そんな感じで立ち往生していると門番の横にある小さい扉から兵士が出てきた。


兵士を確認したエリスは兵士に向かって走りだした。


「すいません!」


「ん?」


「あの…騎士団の入団テストに参加したいんですけど…」


「入団テスト?ああ…それならもう終わったよ」


「え!?」


「実は今さっき予定人数が埋まってしまってな。

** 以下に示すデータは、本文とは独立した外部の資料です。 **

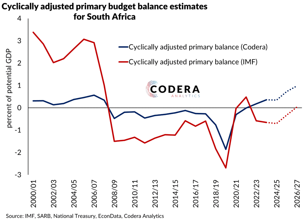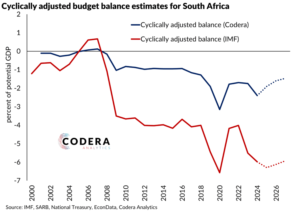 Today’s post by Jurgens Fourie compares Codera’s estimates of South Africa’s cyclically adjusted budget balance to those of the IMF. These estimates provide a clearer picture of a government’s underlying fiscal position by removing the temporary effects of the business cycle. Both sets of estimates show that South Africa has been running structural fiscal deficits between the global financial crisis and the pandemic. This suggests underlying fiscal imbalances were not merely temporary and that policy adjustments would have been needed to ensure long-term sustainability. The differences in these estimates owe to different assumptions about potential output and fiscal elasticities.

」


「そ、そんな…」


終わった事を告げられエリスが膝から崩れ落ちた。


エリスは農村の娘で独学で魔法を習得した天才とか言われてたな。


だから騎士団に入って両親を安心させたい…とかあったけど、

そこまで拘る事かね…?


当時はそんな風に思ってたがリアルで見てしまうと気の毒に思うな…


「エリス…もう帰ろう」


俺はエリスを介抱しながら帰路に向かった。


明日は筋肉痛かもなぁ…はぁ…


そして翌日…


案の定足が筋痛になった俺はベットの上でマッサージしながら今後の事を考えていた。


この後はまた街に行って冒険者ギルドに行って登録をしてレベル上げだったな


特定のレベルまで到達したら緊急の依頼が発生すると…


まぁゲーム中でも感じていたけどありきたりな内容だよなぁ


取りあえず痛みが引いたらエリスの所に行くか


「…あ、そういえば」


確か家の裏に宝箱があったよな…


本来はストーリークリア後にか行けないけどもしかして…


俺は痛みが引いたのを確認し家を出た。


そして裏に回りこむと普通に宝箱が裏庭の真ん中に置いてあった。


ってか普通に裏庭に回りこめるんかいっ!


本来は木々で裏庭が見えないようになって家の中にある扉から入らないといけないのに…


しかも柵も跨って越えられる高さだしこれ普通に取れるよな?


「…」


俺は石ころを拾って柵に向かって投げて見ると弾かれること無く裏庭にある植木鉢の中に入った。


「…マジか」


入れることを確信した俺は柵に跨り裏庭に入り宝箱の前に立った。


「…あ」


そう言えばコレ鍵がかかってるんだった…


そしてその鍵の入手条件が鬼畜だったのも思い出した。


おかげで獲る気が失せて箱の中身も知らないし


ってか攻略本でも載ってないって一体何の冗談だよ…


まぁこれは順々に達成していくしかないか


とりあえず今はエリスの所に行って冒険者登録に行かないとな…


俺は気を取り直してエリスの家に向かった。



「おーい!エリース!」


俺はエリスの家の外から叫んで読んだ


しかし反応が無い


さっき農作業中のエリスの両親に聞いたら家で寝込んでると言ったからいるはずなんだがもしかしていないのか?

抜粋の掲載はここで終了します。